The Returned: “The Horde”

In the end, The Returned refuses to offer any easy answers. Beyond the portentous, 35-year-old words of Mrs. Costa—“They’ll get their revenge one day”—we don’t know why The Returned came back. We don’t know what the floating animal corpses had to do with The Returned. (But it’s likely they were drowned when the dam burst for the first time.) We don’t know why some of The Returned began to show their “age” through some of the most unsettling TV makeup effects in recent memory. After eight episodes of reanimating corpses and unusual phenomena, what the viewer is left with is something strange and remarkable, but beyond explanation. And in many ways, that mirrors the conclusion of “The Horde.”

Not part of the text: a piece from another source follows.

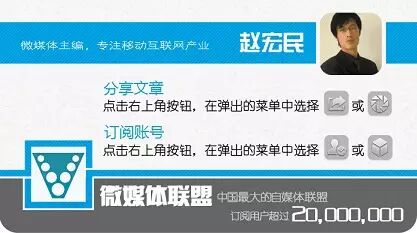 赵宏民(haipo1023),自媒体人,互联网评论人,曾任百度高级网络营销顾问,是速途网、艾瑞网、易观等专栏作家,现任微媒体主编,专注移动互联网产业。赵宏民官方微信定期推送原创评论、新闻文章。

The answers simply don’t matter. This isn’t an “answer” show, and that was made abundantly clear early on. In “Julie,” the third episode of season one, the titular character is attacked in the lobby of her apartment building—but when the attack comes to an end, it’s shown that she’s holding the weapon, and the person by her side is not Serge the serial killer but “Victor,” the mysterious boy who may or may not have caused the bus crash depict in the series’ very first scene. For as many times as a character within The Returned insists that there’s a reason, explanation, or cause for one occurrence or another, it’s likely that there isn’t. Because of this, The Returned mirrors real life more accurately than some shows that don’t depict the dead returning to life by the dozens. In this world, strange, unfortunate things happen all the time, and it’s rare for any of them to be followed by a satisfying answer.
The A.V. Club wrote about this a lot this year, but Sundance Channel made tremendous strides toward loosening the confines of TV narrative in 2013. Everyone knows that things are supposed to happen within the half-hour or hour-long timeframe of a TV show. What The Returned (like its network companion Rectify) presupposes is… maybe they don’t? Sundance is making an opening for this kind of television within the United States, doing so with a spectacular crop of original and acquired programming. Story isn’t the end all, be all in a visual medium—as The Returned illustrates at every turn, there’s mood, emotion, performance, and cinematography to take into account, too. For all its startling elements, “The Horde,” is also one of the most visually stunning episodes of this first season. On scales epic as well as intimate: The fog-shrouded silhouettes of The Horde won’t soon be forgotten, but neither will the image of Lucy illuminated by spotlight/searchlight.
The episode packs an emotional wallop, too—and being stingy with the answers goes a long way toward increasing that impact. There are moments between mother and daughter, sister and sister, and surrogate mother and surrogate son that mean more because there’s an unknown on the other end of that showdown at The Helping Hand. Much of the first season is wrapped up in feeling the loss of The Returned through subtle changes in the village—here it’s projected through big, messy feelings. Major kudos to series MVP Anne Consigny, who once more displays the raw vulnerability of Claire’s situation (while peeling potatoes, nonetheless) before arming herself in such bravery and resolve during that Close Encounters Of The Third Kind climax.